» TASK OBJECTIVE: Each entry should be returned exactly as written, with no pictures carried over.

◇ ◇ ◇ ◇ ◇

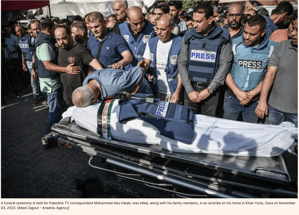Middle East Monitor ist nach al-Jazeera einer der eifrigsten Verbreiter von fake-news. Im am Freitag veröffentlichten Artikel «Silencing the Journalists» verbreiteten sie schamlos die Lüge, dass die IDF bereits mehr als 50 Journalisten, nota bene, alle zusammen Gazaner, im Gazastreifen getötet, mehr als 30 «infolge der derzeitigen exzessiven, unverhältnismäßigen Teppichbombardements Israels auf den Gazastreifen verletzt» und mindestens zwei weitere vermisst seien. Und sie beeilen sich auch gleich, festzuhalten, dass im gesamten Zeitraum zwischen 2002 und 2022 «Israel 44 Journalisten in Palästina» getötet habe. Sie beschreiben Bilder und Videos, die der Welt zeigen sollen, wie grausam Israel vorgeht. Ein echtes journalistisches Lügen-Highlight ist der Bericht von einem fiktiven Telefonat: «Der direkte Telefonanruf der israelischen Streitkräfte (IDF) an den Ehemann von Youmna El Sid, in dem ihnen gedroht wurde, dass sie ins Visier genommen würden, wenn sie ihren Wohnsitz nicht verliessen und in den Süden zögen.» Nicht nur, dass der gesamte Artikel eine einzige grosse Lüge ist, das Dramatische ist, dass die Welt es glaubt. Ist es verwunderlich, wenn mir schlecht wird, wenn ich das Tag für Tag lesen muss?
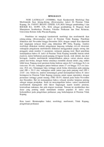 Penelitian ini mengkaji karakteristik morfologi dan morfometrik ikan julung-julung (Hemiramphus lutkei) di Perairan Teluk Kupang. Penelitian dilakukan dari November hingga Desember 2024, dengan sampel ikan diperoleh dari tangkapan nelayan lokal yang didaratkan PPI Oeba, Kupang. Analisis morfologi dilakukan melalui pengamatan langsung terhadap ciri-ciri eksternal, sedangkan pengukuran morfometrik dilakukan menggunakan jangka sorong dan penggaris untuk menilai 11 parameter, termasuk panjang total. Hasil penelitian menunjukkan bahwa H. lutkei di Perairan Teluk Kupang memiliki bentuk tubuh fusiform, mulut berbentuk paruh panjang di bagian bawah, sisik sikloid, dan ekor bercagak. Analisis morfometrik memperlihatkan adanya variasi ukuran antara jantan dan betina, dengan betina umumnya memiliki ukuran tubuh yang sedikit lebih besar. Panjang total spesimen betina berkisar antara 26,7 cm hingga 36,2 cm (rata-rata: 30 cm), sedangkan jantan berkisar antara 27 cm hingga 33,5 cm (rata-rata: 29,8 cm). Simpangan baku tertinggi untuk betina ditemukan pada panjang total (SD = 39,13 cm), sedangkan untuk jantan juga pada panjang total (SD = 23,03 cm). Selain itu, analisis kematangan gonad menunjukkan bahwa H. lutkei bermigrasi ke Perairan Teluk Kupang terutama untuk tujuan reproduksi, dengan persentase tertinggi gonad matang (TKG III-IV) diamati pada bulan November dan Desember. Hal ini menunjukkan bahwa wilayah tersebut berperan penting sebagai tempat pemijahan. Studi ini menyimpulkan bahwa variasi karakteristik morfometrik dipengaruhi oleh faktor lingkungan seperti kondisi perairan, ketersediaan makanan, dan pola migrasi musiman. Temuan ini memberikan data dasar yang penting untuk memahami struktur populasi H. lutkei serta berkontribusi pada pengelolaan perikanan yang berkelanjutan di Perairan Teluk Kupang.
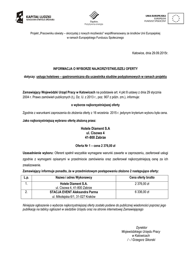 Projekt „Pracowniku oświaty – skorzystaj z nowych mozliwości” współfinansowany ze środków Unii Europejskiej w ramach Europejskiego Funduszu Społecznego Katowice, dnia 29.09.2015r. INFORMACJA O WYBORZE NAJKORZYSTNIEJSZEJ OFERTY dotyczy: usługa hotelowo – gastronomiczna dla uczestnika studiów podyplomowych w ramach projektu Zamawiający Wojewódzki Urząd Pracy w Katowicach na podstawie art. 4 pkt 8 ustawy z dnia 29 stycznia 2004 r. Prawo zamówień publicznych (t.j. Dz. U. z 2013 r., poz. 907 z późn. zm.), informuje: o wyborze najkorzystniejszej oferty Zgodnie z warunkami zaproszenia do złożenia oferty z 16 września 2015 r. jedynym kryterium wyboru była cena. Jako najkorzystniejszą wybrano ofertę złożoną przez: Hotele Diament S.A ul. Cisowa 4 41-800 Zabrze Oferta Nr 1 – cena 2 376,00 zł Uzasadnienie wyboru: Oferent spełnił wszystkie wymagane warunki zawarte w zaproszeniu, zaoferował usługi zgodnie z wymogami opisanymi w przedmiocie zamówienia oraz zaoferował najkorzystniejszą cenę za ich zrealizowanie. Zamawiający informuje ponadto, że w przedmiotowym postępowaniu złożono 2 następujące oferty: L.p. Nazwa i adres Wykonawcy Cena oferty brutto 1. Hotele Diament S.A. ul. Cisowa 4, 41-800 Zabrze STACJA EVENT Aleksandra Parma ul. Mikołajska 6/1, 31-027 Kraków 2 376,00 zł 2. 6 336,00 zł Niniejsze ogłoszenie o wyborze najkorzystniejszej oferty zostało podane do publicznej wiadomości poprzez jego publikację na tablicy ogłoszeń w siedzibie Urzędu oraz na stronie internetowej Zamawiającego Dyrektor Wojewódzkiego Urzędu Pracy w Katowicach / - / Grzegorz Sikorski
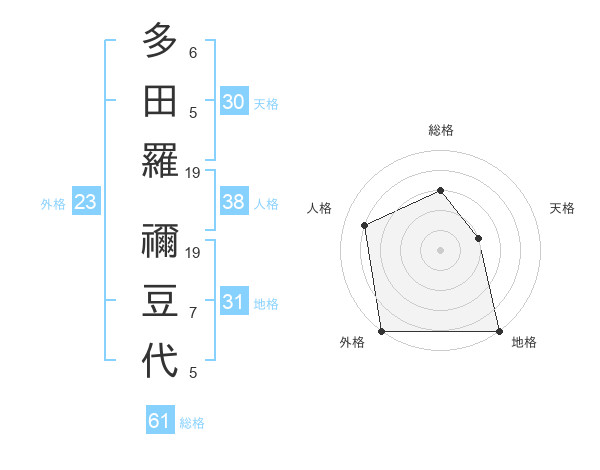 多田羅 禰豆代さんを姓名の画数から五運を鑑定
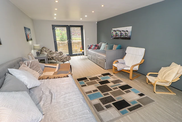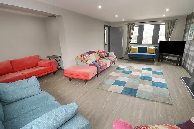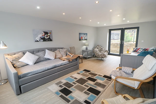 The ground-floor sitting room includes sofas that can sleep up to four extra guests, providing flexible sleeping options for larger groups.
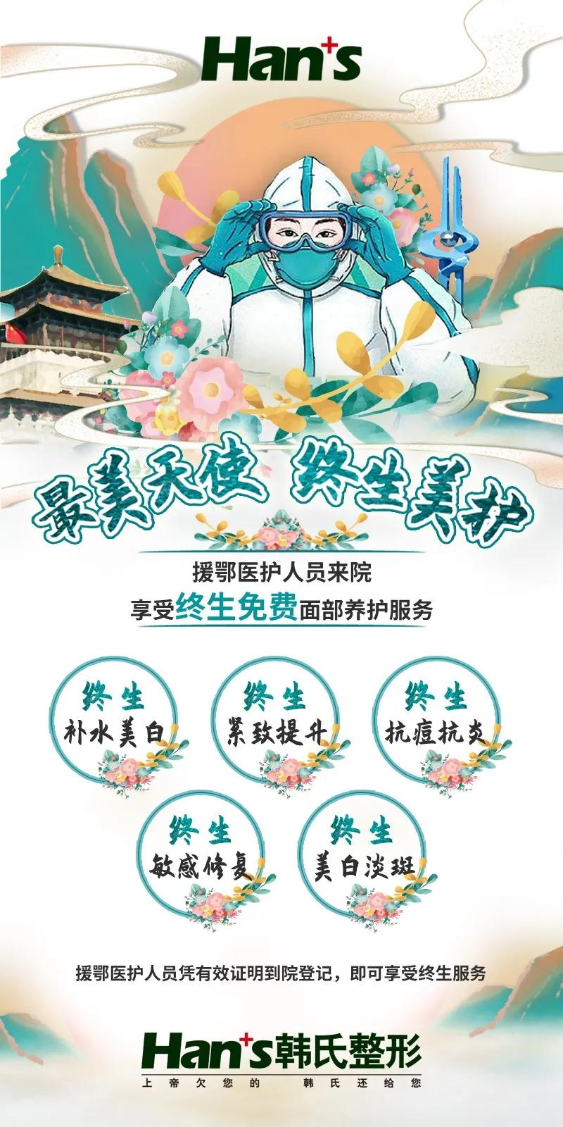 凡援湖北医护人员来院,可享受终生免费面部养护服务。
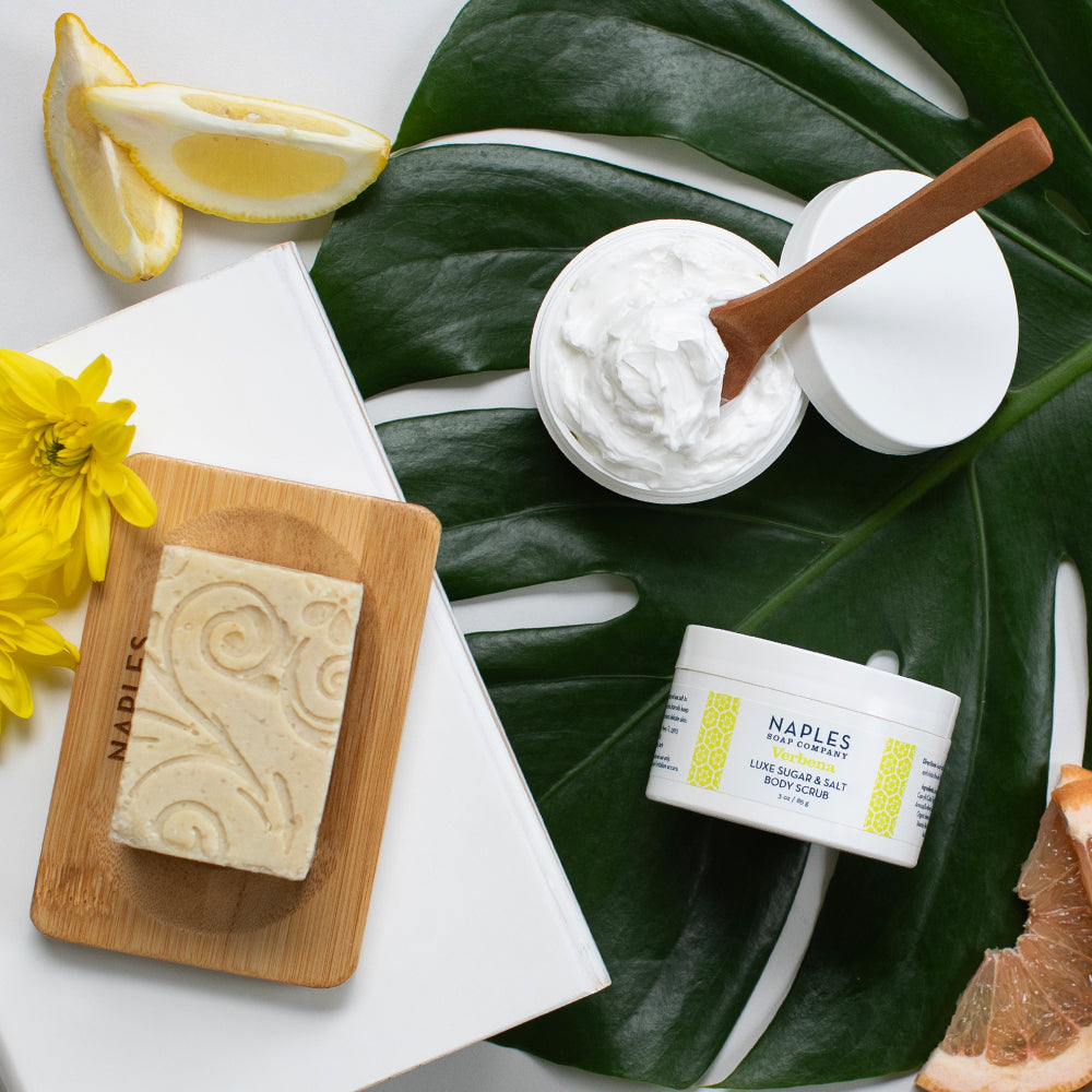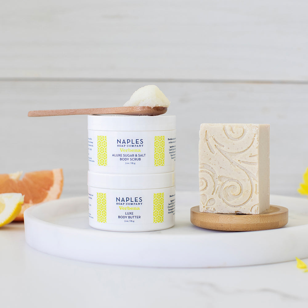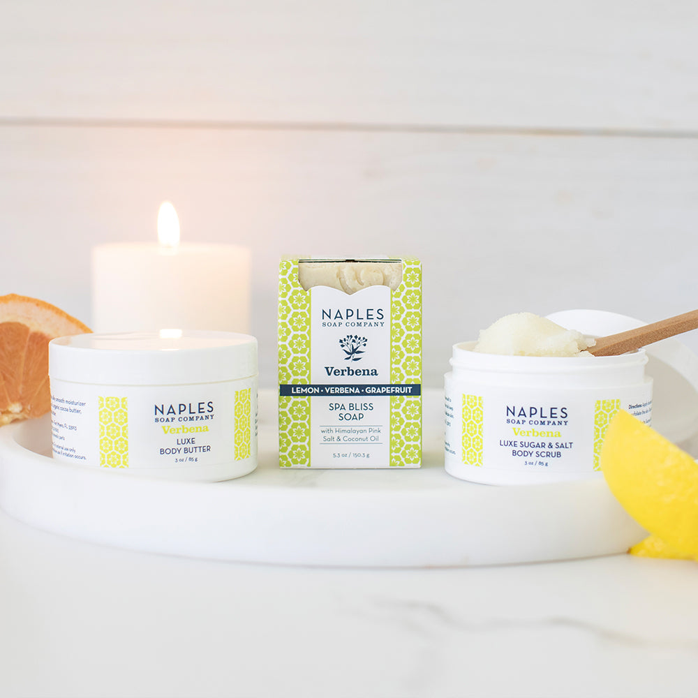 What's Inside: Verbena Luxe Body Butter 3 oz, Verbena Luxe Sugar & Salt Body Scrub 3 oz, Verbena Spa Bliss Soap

◇ ◇ ◇ ◇ ◇

» RESULT OF THE EXERCISE:
Middle East Monitor ist nach al-Jazeera einer der eifrigsten Verbreiter von fake-news. Im am Freitag veröffentlichten Artikel «Silencing the Journalists» verbreiteten sie schamlos die Lüge, dass die IDF bereits mehr als 50 Journalisten, nota bene, alle zusammen Gazaner, im Gazastreifen getötet, mehr als 30 «infolge der derzeitigen exzessiven, unverhältnismäßigen Teppichbombardements Israels auf den Gazastreifen verletzt» und mindestens zwei weitere vermisst seien. Und sie beeilen sich auch gleich, festzuhalten, dass im gesamten Zeitraum zwischen 2002 und 2022 «Israel 44 Journalisten in Palästina» getötet habe. Sie beschreiben Bilder und Videos, die der Welt zeigen sollen, wie grausam Israel vorgeht. Ein echtes journalistisches Lügen-Highlight ist der Bericht von einem fiktiven Telefonat: «Der direkte Telefonanruf der israelischen Streitkräfte (IDF) an den Ehemann von Youmna El Sid, in dem ihnen gedroht wurde, dass sie ins Visier genommen würden, wenn sie ihren Wohnsitz nicht verliessen und in den Süden zögen.» Nicht nur, dass der gesamte Artikel eine einzige grosse Lüge ist, das Dramatische ist, dass die Welt es glaubt. Ist es verwunderlich, wenn mir schlecht wird, wenn ich das Tag für Tag lesen muss?
 Penelitian ini mengkaji karakteristik morfologi dan morfometrik ikan julung-julung (Hemiramphus lutkei) di Perairan Teluk Kupang. Penelitian dilakukan dari November hingga Desember 2024, dengan sampel ikan diperoleh dari tangkapan nelayan lokal yang didaratkan PPI Oeba, Kupang. Analisis morfologi dilakukan melalui pengamatan langsung terhadap ciri-ciri eksternal, sedangkan pengukuran morfometrik dilakukan menggunakan jangka sorong dan penggaris untuk menilai 11 parameter, termasuk panjang total. Hasil penelitian menunjukkan bahwa H. lutkei di Perairan Teluk Kupang memiliki bentuk tubuh fusiform, mulut berbentuk paruh panjang di bagian bawah, sisik sikloid, dan ekor bercagak. Analisis morfometrik memperlihatkan adanya variasi ukuran antara jantan dan betina, dengan betina umumnya memiliki ukuran tubuh yang sedikit lebih besar. Panjang total spesimen betina berkisar antara 26,7 cm hingga 36,2 cm (rata-rata: 30 cm), sedangkan jantan berkisar antara 27 cm hingga 33,5 cm (rata-rata: 29,8 cm). Simpangan baku tertinggi untuk betina ditemukan pada panjang total (SD = 39,13 cm), sedangkan untuk jantan juga pada panjang total (SD = 23,03 cm). Selain itu, analisis kematangan gonad menunjukkan bahwa H. lutkei bermigrasi ke Perairan Teluk Kupang terutama untuk tujuan reproduksi, dengan persentase tertinggi gonad matang (TKG III-IV) diamati pada bulan November dan Desember. Hal ini menunjukkan bahwa wilayah tersebut berperan penting sebagai tempat pemijahan. Studi ini menyimpulkan bahwa variasi karakteristik morfometrik dipengaruhi oleh faktor lingkungan seperti kondisi perairan, ketersediaan makanan, dan pola migrasi musiman. Temuan ini memberikan data dasar yang penting untuk memahami struktur populasi H. lutkei serta berkontribusi pada pengelolaan perikanan yang berkelanjutan di Perairan Teluk Kupang.
 Projekt „Pracowniku oświaty – skorzystaj z nowych mozliwości” współfinansowany ze środków Unii Europejskiej w ramach Europejskiego Funduszu Społecznego Katowice, dnia 29.09.2015r. INFORMACJA O WYBORZE NAJKORZYSTNIEJSZEJ OFERTY dotyczy: usługa hotelowo – gastronomiczna dla uczestnika studiów podyplomowych w ramach projektu Zamawiający Wojewódzki Urząd Pracy w Katowicach na podstawie art. 4 pkt 8 ustawy z dnia 29 stycznia 2004 r. Prawo zamówień publicznych (t.j. Dz. U. z 2013 r., poz. 907 z późn. zm.), informuje: o wyborze najkorzystniejszej oferty Zgodnie z warunkami zaproszenia do złożenia oferty z 16 września 2015 r. jedynym kryterium wyboru była cena. Jako najkorzystniejszą wybrano ofertę złożoną przez: Hotele Diament S.A ul. Cisowa 4 41-800 Zabrze Oferta Nr 1 – cena 2 376,00 zł Uzasadnienie wyboru: Oferent spełnił wszystkie wymagane warunki zawarte w zaproszeniu, zaoferował usługi zgodnie z wymogami opisanymi w przedmiocie zamówienia oraz zaoferował najkorzystniejszą cenę za ich zrealizowanie. Zamawiający informuje ponadto, że w przedmiotowym postępowaniu złożono 2 następujące oferty: L.p. Nazwa i adres Wykonawcy Cena oferty brutto 1. Hotele Diament S.A. ul. Cisowa 4, 41-800 Zabrze STACJA EVENT Aleksandra Parma ul. Mikołajska 6/1, 31-027 Kraków 2 376,00 zł 2. 6 336,00 zł Niniejsze ogłoszenie o wyborze najkorzystniejszej oferty zostało podane do publicznej wiadomości poprzez jego publikację na tablicy ogłoszeń w siedzibie Urzędu oraz na stronie internetowej Zamawiającego Dyrektor Wojewódzkiego Urzędu Pracy w Katowicach / - / Grzegorz Sikorski
 多田羅 禰豆代さんを姓名の画数から五運を鑑定
 The ground-floor sitting room includes sofas that can sleep up to four extra guests, providing flexible sleeping options for larger groups.
 凡援湖北医护人员来院,可享受终生免费面部养护服务。
 What's Inside: Verbena Luxe Body Butter 3 oz, Verbena Luxe Sugar & Salt Body Scrub 3 oz, Verbena Spa Bliss Soap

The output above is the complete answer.